In my limited time in Ohio, highways are long, straight, and flat! Beat the **** out of NY highways! Great mileage man!


----------



## boraz (Aug 29, 2013)

Gator said:


> Boraz, it was improving till I changed tires and the winter blend hit, but I'm back to were I left of before winter.


i get EXACT mpg winter/summer regardless of studded tires/OEM tires and winter/summer fuel.

i DO notice the mpgs/miles change as my tires wear down, i fuel at the same stations/drive same route


----------



## Sperry (Aug 3, 2013)

I've had a couple of 60 hat tricks recently. 125,000 miles and like yours still running strong. Speed changed when I stopped to take the picture.


----------



## EricSmit (Dec 21, 2016)

Sperry said:


> I've had a couple of 60 hat tricks recently. 125,000 miles and like yours still running strong. Speed changed when I stopped to take the picture.
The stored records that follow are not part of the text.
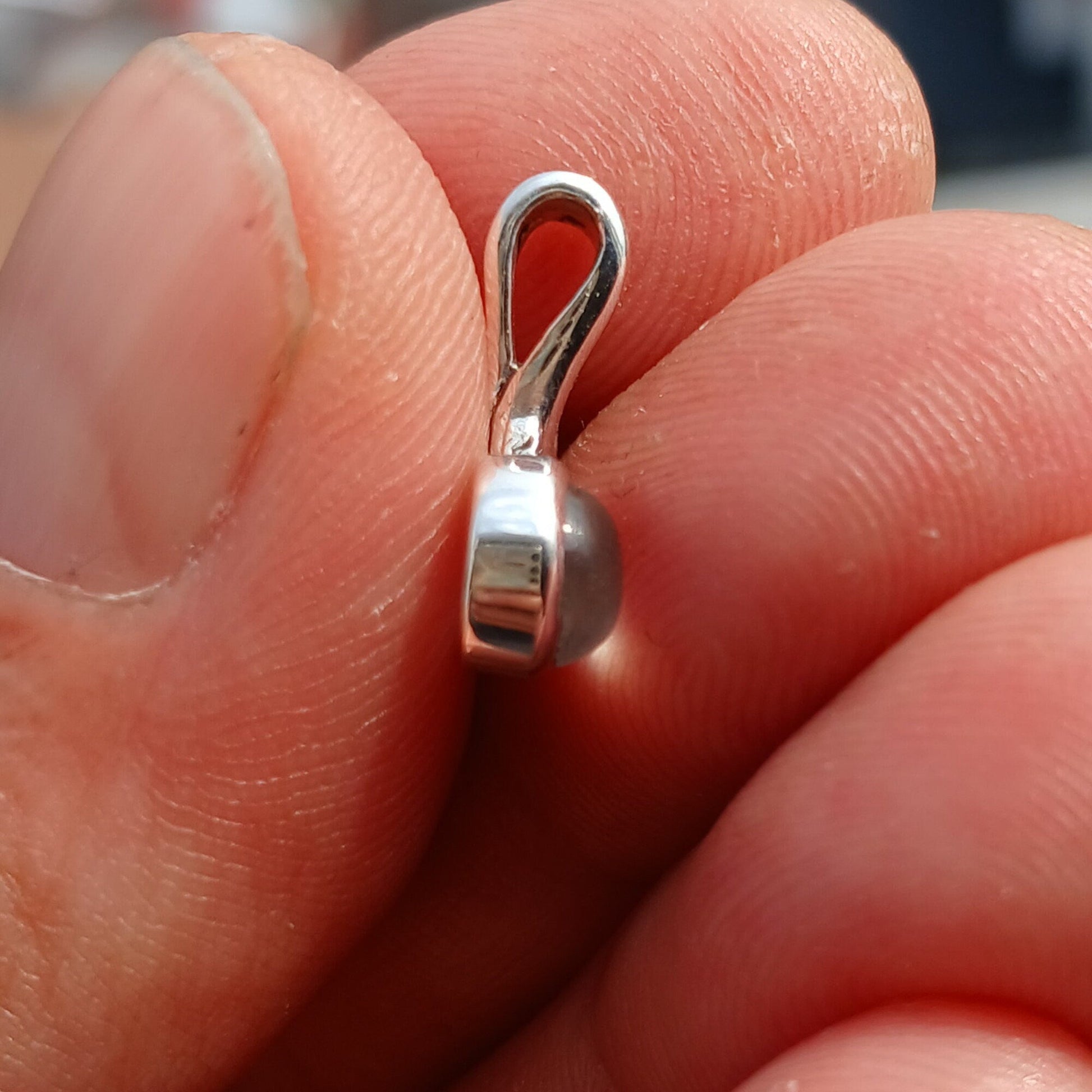The pendant's dimensions are 17 mm long, including the bail, and 12 mm wide, providing a dainty and feminine look. The bail, measuring 3 mm, allows for easy attachment to your favorite chain or necklace.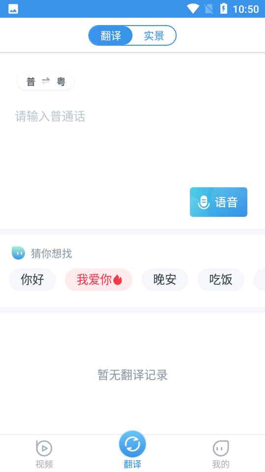 3、【翻译】界面除了具备普通话与粤语之间的基本互译功能外,也提供语音翻译的支持。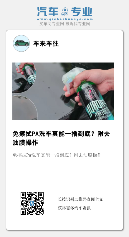 如果车漆表面只是一些附着力不强的灰尘,用水都能冲掉一些的话可以用这种超级简单的PA洗车,轻松简单搞定。前提是这种灰尘沾上去的时间不久,也就是距离上次洗车时间很近,如果时间很久又是泥巴类的粘上去了就别奢望PA洗车能搞定了。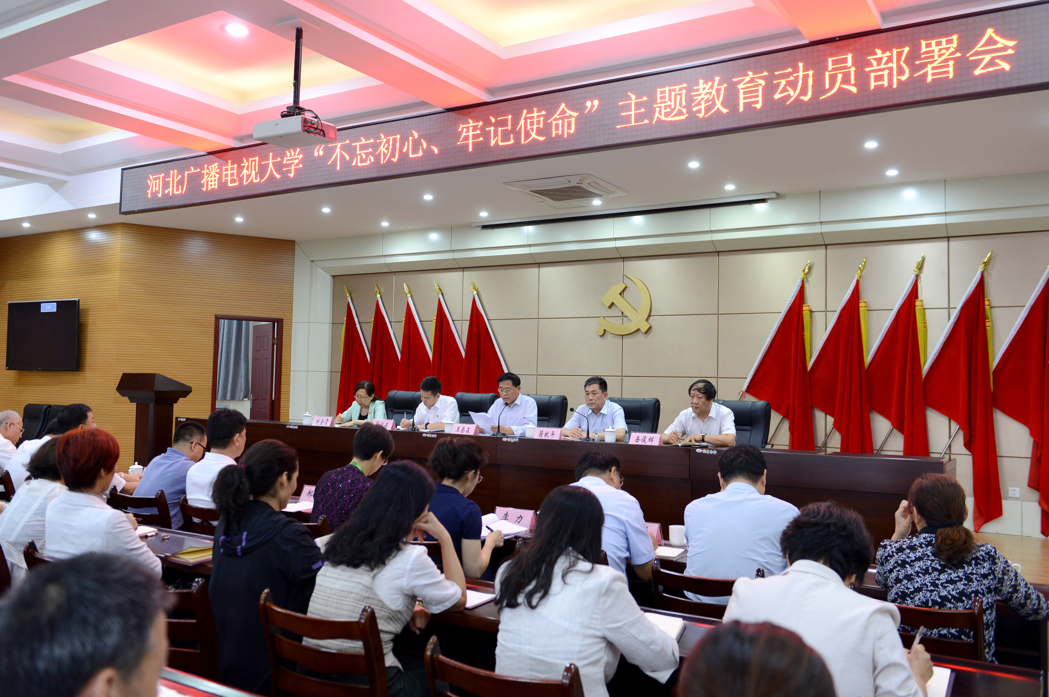 9月11日下午,我校在終身教育大講堂召開 “不忘初心、牢記使命”主題教育動員部署會議,校黨委書記籍獻平作動員講話。省委第八巡回指導組到會指導,組長王岳森作重要講話。校黨委副書記、校長段潤保主持會議。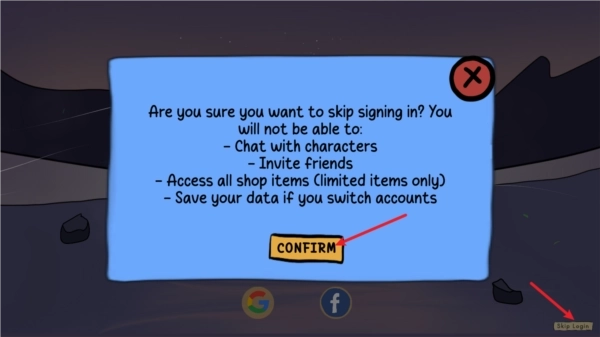1、进入游戏后无需登录,直接点击右下角的login,再点击跳过就可以了。
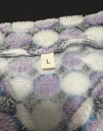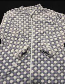Morbida vestaglia da donna in pile con fantasia a pois. - Chiusura con zip frontale. - Maniche lunghe. - Lunghezza al ginocchio.

Air up your tires you heathen!


----------



## money_man (Feb 25, 2014)

I run my tires at 51psi and have never seen better than 4.2L/100km over 500km distance. Over 50km did have 3.8L/100km though but no time to take a picture. 

Nova Scotia is a mountain range though


----------



## Tomko (Jun 1, 2013)

money_man said:


> I run my tires at 51psi and have never seen better than 4.2L/100km over 500km distance. Over 50km did have 3.8L/100km though but no time to take a picture.
> 
> Nova Scotia is a mountain range though


I've never seen a mountain in Nova Scotia before.


----------



## Tomko (Jun 1, 2013)

money_man said:


> I run my tires at 51psi and have never seen better than 4.2L/100km over 500km distance. Over 50km did have 3.8L/100km though but no time to take a picture.
> 
> Nova Scotia is a mountain range though





Tomko said:


> I've never seen a mountain in Nova Scotia before.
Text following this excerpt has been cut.